Star Wars_ The Adventures of Lando Calrissia - L. Neil Smith [61]
The third card in that part of the array, placed in line above the Satellite and the Wheel, represented future obstacles. Lando cringed when he saw what had appeared.
“Gepta again! Well, I suppose that’s only logical. Want to see the final outcome, old clockwork? Well, you’re going to, anyway. Here we go. Well, that’s not too bad, after all. It’s the Universe. It means we’ll have a shot at everything we want to do. Join the human race and see the world. Something like that.”
“Master.”
“Yes, Vuffi Raa, what is it?”
“Master, that Six of Sabres: that’s a journey over with?”
“That’s what I said although it can mean other things, in other—”
“Master, our journey’s over with.”
And, indeed, so it appeared to be. The floor slowed as they came upon the towering doorway of a chamber large enough to park a fleet of spaceships in. A long, long distance away, something resembling a giant altar was raised, all the lights in the cavernous room focused upon it.
Even from several hundred meters off, Lando could tell it was the Mindharp of Sharu. It hurt his eyes to look at it.
• XVIII •
IT WASN’T AS easy as all that.
There were other things inside the hall besides the podium or altar where the Mindharp stood, and a giant replica of the Key Lando had carried until the wall of the pyramid had taken it.
“What do you make of that, Vuffi Raa?”
The robot, standing now as high as Lando’s knee, peered into the same odd well-lighted gloom that had filled the tunnel behind them. The light was a brownish amber and seemed to emanate from the floor. The room, a vast auditorium of a place, was lined with something between sculpture and painting—a pageant that seemed, to the gambler, to recapitulate his dreams of the night before.
Here, at the entrance, shaggy forms, barely erect, shambled along the walls in a frozen march, growing straighter, taller, beginning to carry things in their hands, to lose their furry coverings, to wear clothing.
Lando and Vuffi Raa followed the right wall, which curved gently into the vast circularity that was the chamber of the Mindharp. By the time the figures on the wall were playing with internal combustion engines and rocketry, the pair had only walked a few dozen meters. Uncounted thousands of centuries of history lay ahead of them.
The robot hadn’t spoken. Lando looked down at him. His eye was glowing peculiarly—or perhaps the peculiarity was in the lighting of the chamber.
“Vuffi Raa, did you hear me?”
“Why yes, Lando,” the droid said, seeming to be waking from a sort of walking dream. “What do I make of this? The same that you do—that this is somehow the center of Sharu culture. What they left behind of it, anyway. That the Harp is somehow even more important than we thought it was.”

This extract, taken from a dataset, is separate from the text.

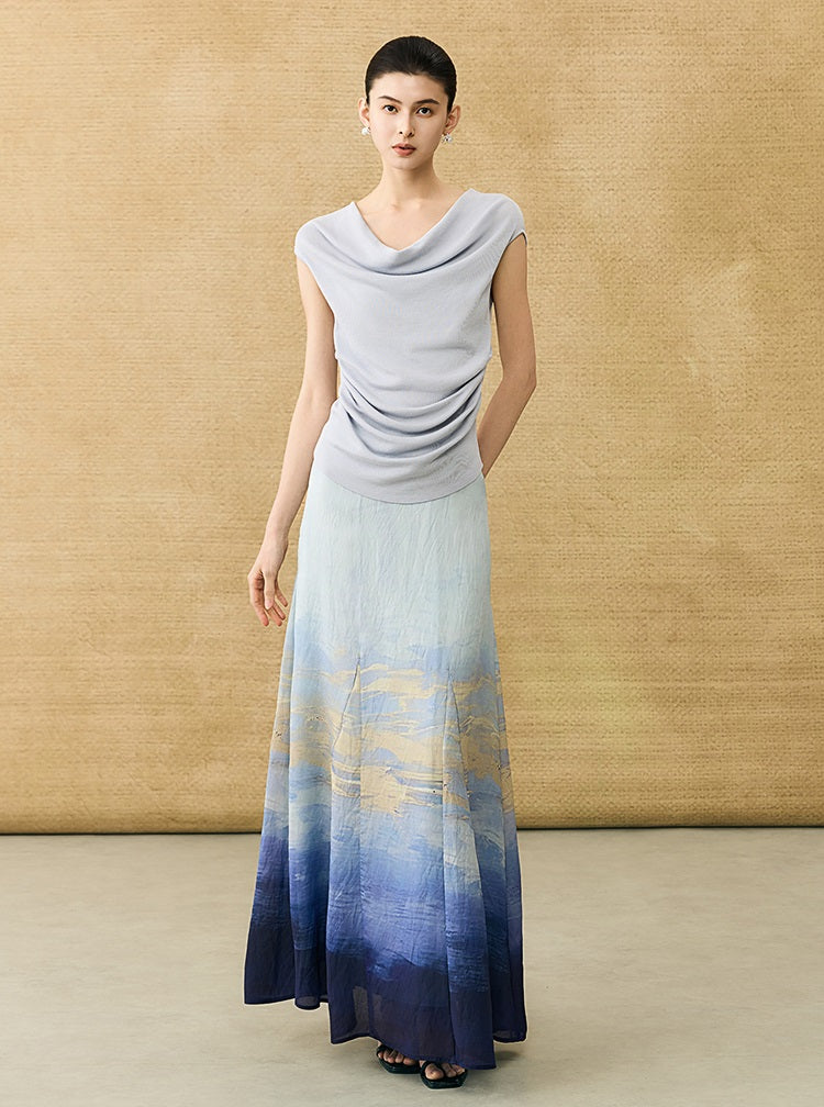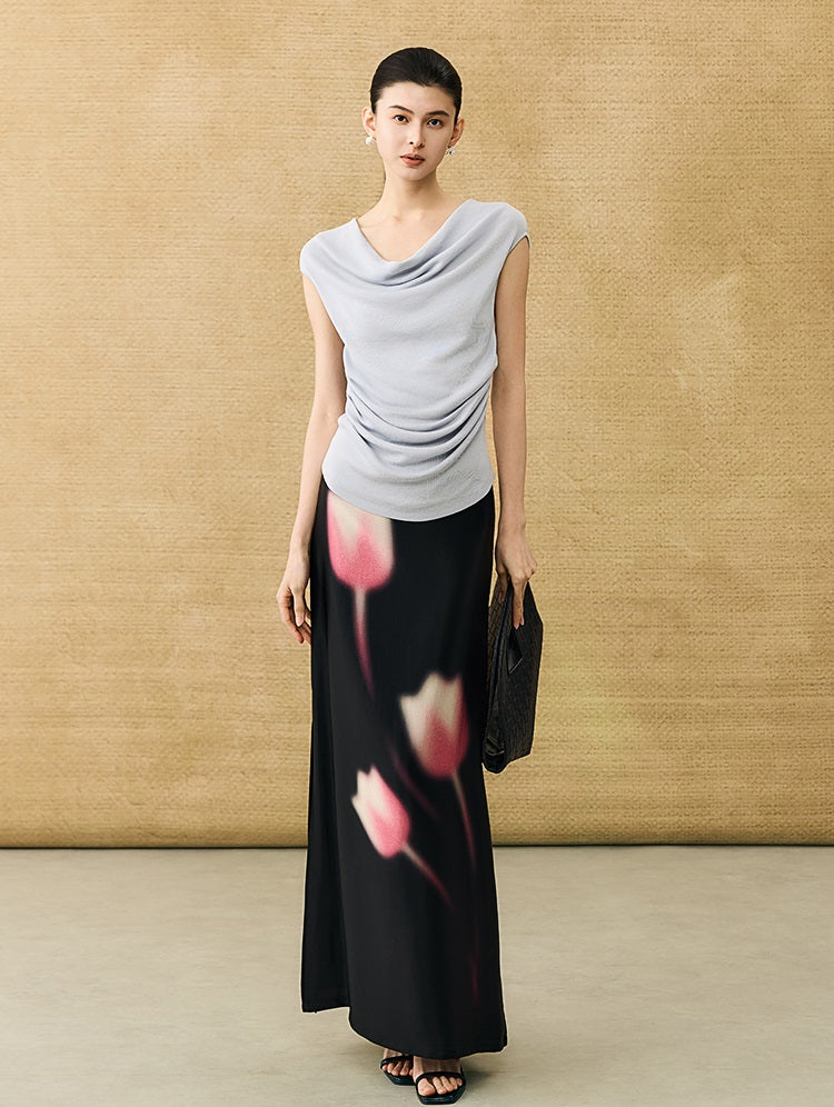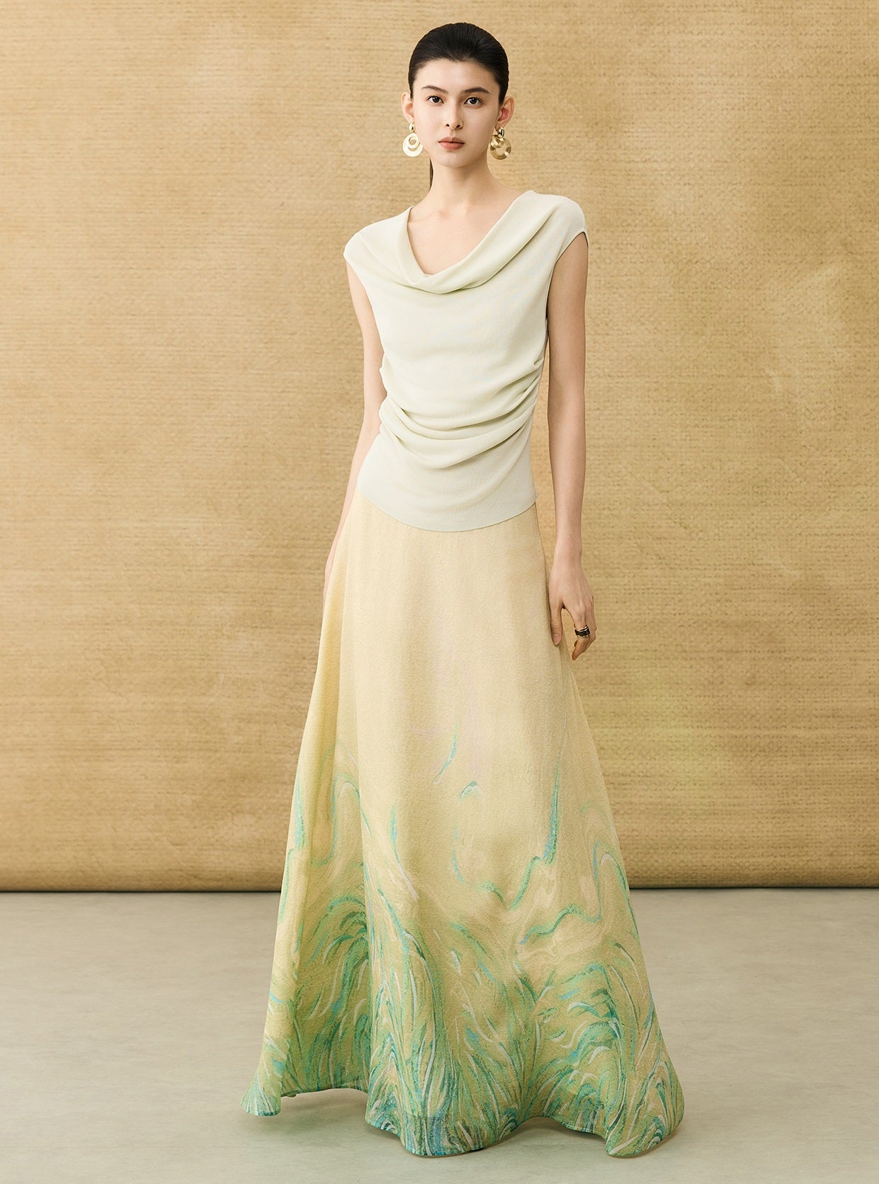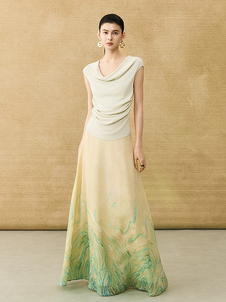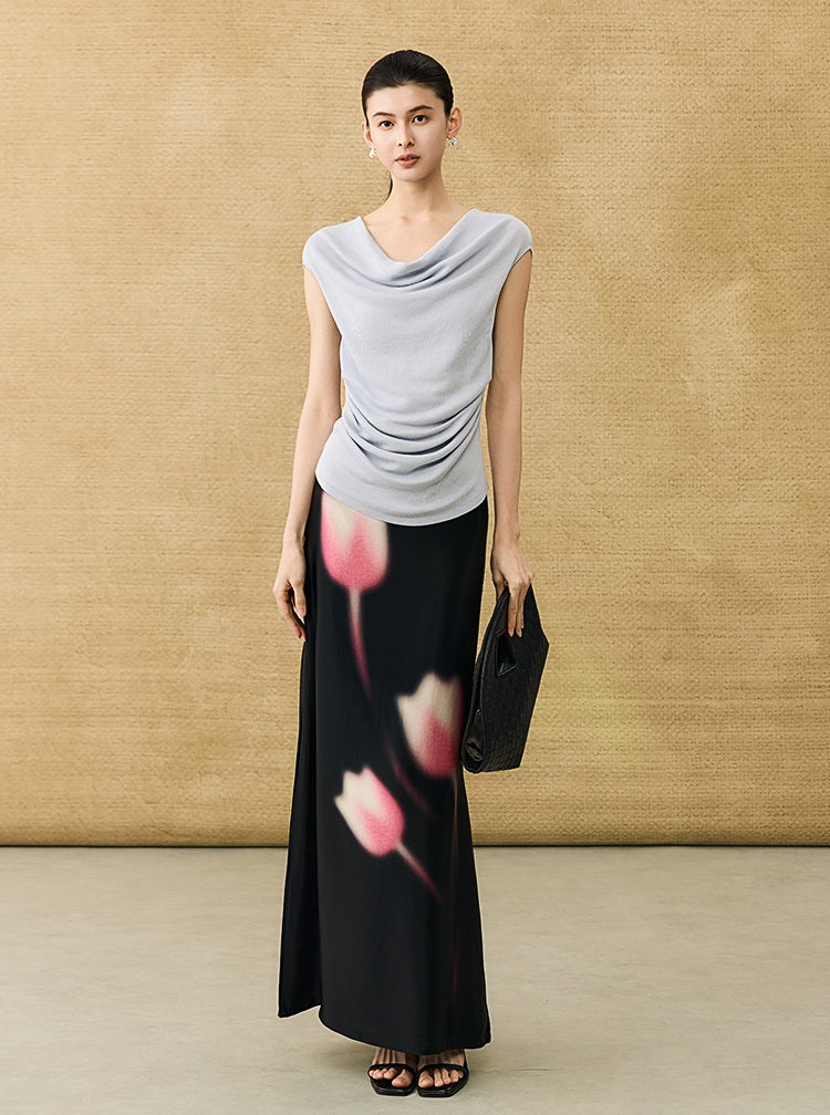 This sleeveless knitted sweater T-shirt showcases an elegant draped fold across the front that forms a flattering V-shaped neckline. The swing collar adds subtle movement and a refined silhouette, blending traditional Chinese style with modern sophistication for versatile, polished wear.

Lando hadn’t been thinking that at all. He’d been thinking that the chamber was a place of worship, that the figures on the wall were human—Toka—that the bas-relief murals would convey to them the story of how they arose on some far-off planet and came to the Rafa System. That somewhere along the wall the story would be told of how they met the Sharu and discovered their masters.
He didn’t want to wait. “I’m going on across the room—enough of this historical nonsense. Coming with me?”
Vuffi Raa turned, followed Lando without a word.
It was a long, long trip. The Sharu had discovered the same secret that many human cultures had: that if you make the floors of a public building slick enough, keep them polished and slippery, they’ll force the people who have to walk there into little mincing steps that magnify the distances and humble the spirit—just as high ceilings tend to do.
Lando wasn’t having any. He took a few running steps and slid along the floor.
“Wheee! This is fun! Come on, old tinhorn, try it!”
“Master!” said the robot in a scandalized voice. “Have you no respect?”
Lando stopped, gave the robot a sober look. “Not a grain of it—not when it’s being imposed on me by the architecture.”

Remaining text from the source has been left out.